I figured since my voice has gone silent on social media, my stalkers and creepers (and the crone) are needing something to feed off. (Cheshire grin) I sit here in my llama jammie pants with my pink hoodie on, typing away to give fodder to their fuel. Snarls and smirks are what I plan to deliver! So please sit back, let me grab that 3rd cup of coffee, and let me dish to you what you think you need to know. Because, of course, living vicariously through someone else always is more fun than paying attention to your own life (mess) {wink wink}
Yesterday morning, before work, I touched up my roots. I am not ready to go gray yet! Probably never will either.

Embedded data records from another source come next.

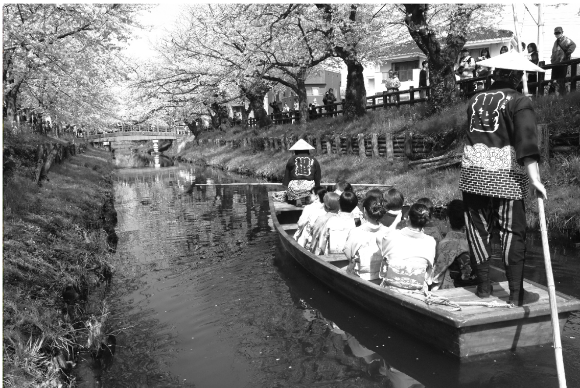
▶小江戸川越 春の舟遊「きもの舟」の様子
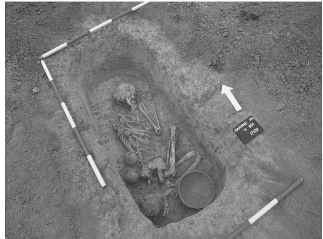
Obr. 10. Rajhrad, objekt H801. Kostrový hrob z období kultury se zvoncovitými poháry.

Rajhrad (Brno-venkov District), “U Staré Pošty”. During the archaeological rescue research the Bell Beaker culture graves were excavated.
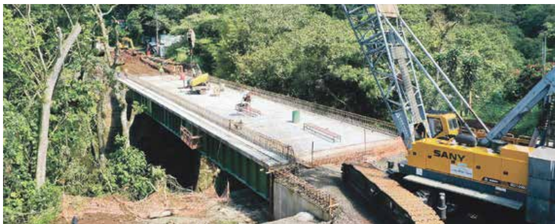
Puente sobre la Ruta Nacional 107, en Poás de Alajuela.

Con un avance del 52% general en el proyecto, quedó debidamente colocada la losa
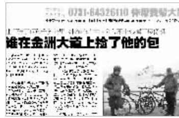
本报2009年12月22日A13版报道。
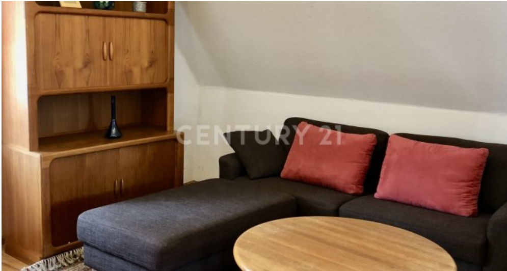
Wohnzimmer - 2. OG
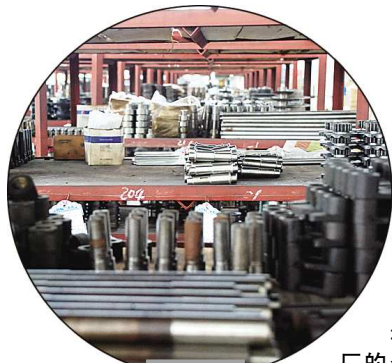
机床厂的仓库里,排列着当地产业链下游企业的供货。

“中小机床已经成为滕州城市的代言产品。市里今年年初提出,要以机床作为拳头产品,集中整合人、财、物资源,未来打造一个产值过千亿元的机械产业集群。”周天民告诉记者,“原来一听有些晕,但细算下来,还是很有信心的。虽然全国机床产值只有3800亿元,但全国机械行业总产值超过10万亿元,从10万亿元里挖出1000亿元来,并不是梦想。”
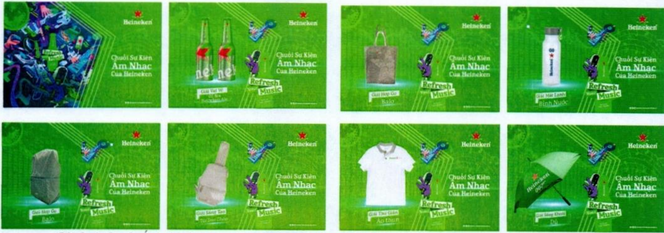
(hình ảnh phiếu rút thăm trúng thưởng 100%)
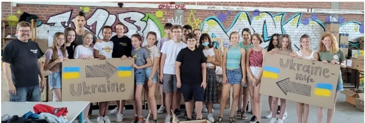
Bamberger SchülerInnen sind zu Recht stolz auf ihr Engagement.

Kinder und Jugendliche entwickeln so mitten in unserer Wegwerfgesellschaft auch ein Bewusstsein für Wiederverwertbarkeit von Ressourcen.
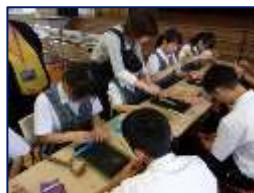
神戸・北野で革細工体験
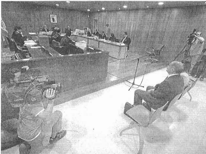
El dueño de Aifos, en el juicio por estafa a los compradores de una viviendas del que salió absuelto.
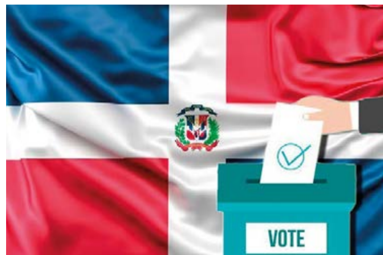
El 5 de julio los dominicanos inscritos en el padrón electoral podrán votar a las presidenciales de su país.

El colegio electoral será habilitado en el CEIP Aina Moll i Marqués, Palma

The extra blonde highlights will come later this week. Can't have that gray nonsense when I am still striving for customer appeal. In order to play the game and be in the public eye, one has to remain youthful-looking to match a personality some would kill for! While I have been tidying up a few later chapters on "When He Had Her," and building "Seaside Shore," The restaurant pivot still exists and is in progress (for now), building a new customer base. Yesterday, a few of my old customers, the Corvette Club, gathered and dined for lunch. I waited on the bunch at the last gig! It was very nice to see these retirees and catch up on where their fancy cars have been. These guys mostly all retired, more money than who knows, with wives they have been married to since the Nile was a creek. old men and their humor, it cracks me up! They think they still have it! I laugh and just do my thing... crack them up with my sarcasm! Ah gets-em every time!
I am on day 5 of the gig. I will dress up and be the hostess with the mostess tonight and back on the floor tomorrow night, finishing up the Mother's Day madness. With my daughter's 4 kids in tow and the oldest working 3 jobs, I will catch up to them at some point over the next few weeks. The one grandson is having a birthday on the 19th of this month! Let me brag while I've got your attention! The oldest has garnered the accolades of the physical therapy department at Mercy. With all of his medical, nutrition, and massage therapy certs under his belt, they were all too happy to bring him on to add to their other qualified and educated staff! And that daughter of mine surpassed all the intern applicants, and the superintendents were so impressed with her attention to detail & teaching abilities, and now a graduate with her master's, proudly they hired her and added her to one of the most prestigious schools in the Chesterfield district, she was named the new Assistant Principal! That one will change the education system and give it a makeover they never knew they needed! And my youngest, I give him props in his self-made progression, learning construction skills by day and still flipping pizzas at night. It is this one who will become a millionaire. He works around the clock and is driven by the almighty dollar. He is young! Go get 'em, kid! He and I pass each other daily, going to and from work. Most of those conversations, ME: "Are you ok? Did you let the dogs out? Or did you feed the dogs? I am making this for dinner______" Him, "yeahhhhh, no, ok" and he is off. I laugh! What more can any mother expect from a 24-year-old?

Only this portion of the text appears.